___ Data ___
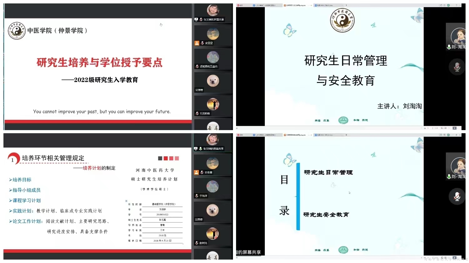 学院学工办副主任刘淘淘从研究生日常管理、校园安全教育、资助政策两个方面,带领大家认真研读《河南中医药大学研究生手册》,强调了同学们返校后的校园疫情防控政策及相关校规校纪;引导大家学习正确的宗教理论政策知识,树立正确宗教观;叮嘱大家要严密防范网络电信诈骗,并普及了相关防范措施。
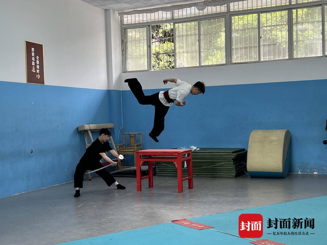 在这里,不难看到练功的学生,其中,他们有在室内的,也有在室外的。记者获悉,学院里本有舞台,但因久未得到修缮,已经“荒废”几年了。负责人说:“因这里教学条件有限,学生有练功和登台需求时,只能去几十公里外的温江校区。”
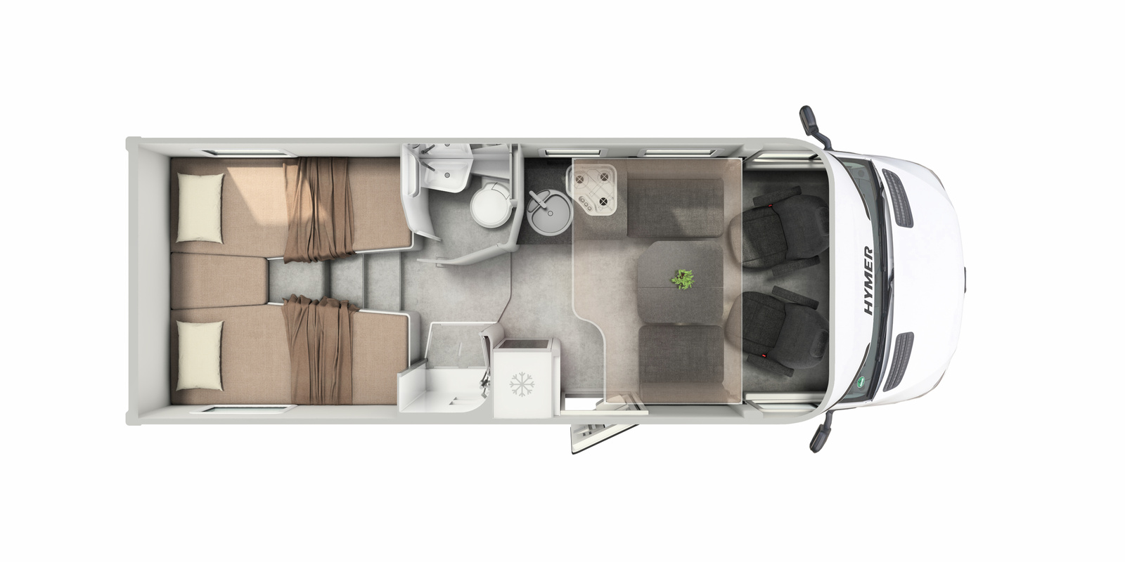 Hymerin PUAL -Sandwich korirakenne on markkinoiden huolettomin ratkaisu. Alumiini-uretaani-alumiini rakenne on täysin kosteusvapaa eikä kylmäsiltoja juurikaan ole.
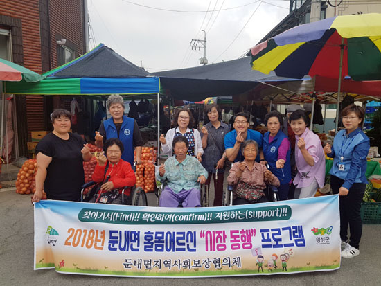 이에 둔내면 지역사회보장협의체는 관내에 이렇게 거동이 불편한 홀몸 어르신들이 많다는 것에 착안하여 ‘시장 동행 프로그램’을 기획 추진하게 됐다고 밝혔다. 시장 동행 프로그램은 둔내면 5일장에 홀몸 어르신들을 모시고 나와 필요한 물품을 구입하고, 맛있는 음식도 먹으면서 시장의 활기찬 기운을 받아 건강한 노후를 보내게 하는 프로그램이다.
___
## Goal of the exercise
Word for word, write out the whole listing, keeping none of the pictures.

## Exercise answer
 学院学工办副主任刘淘淘从研究生日常管理、校园安全教育、资助政策两个方面,带领大家认真研读《河南中医药大学研究生手册》,强调了同学们返校后的校园疫情防控政策及相关校规校纪;引导大家学习正确的宗教理论政策知识,树立正确宗教观;叮嘱大家要严密防范网络电信诈骗,并普及了相关防范措施。
 在这里,不难看到练功的学生,其中,他们有在室内的,也有在室外的。记者获悉,学院里本有舞台,但因久未得到修缮,已经“荒废”几年了。负责人说:“因这里教学条件有限,学生有练功和登台需求时,只能去几十公里外的温江校区。”
 Hymerin PUAL -Sandwich korirakenne on markkinoiden huolettomin ratkaisu. Alumiini-uretaani-alumiini rakenne on täysin kosteusvapaa eikä kylmäsiltoja juurikaan ole.
 이에 둔내면 지역사회보장협의체는 관내에 이렇게 거동이 불편한 홀몸 어르신들이 많다는 것에 착안하여 ‘시장 동행 프로그램’을 기획 추진하게 됐다고 밝혔다. 시장 동행 프로그램은 둔내면 5일장에 홀몸 어르신들을 모시고 나와 필요한 물품을 구입하고, 맛있는 음식도 먹으면서 시장의 활기찬 기운을 받아 건강한 노후를 보내게 하는 프로그램이다.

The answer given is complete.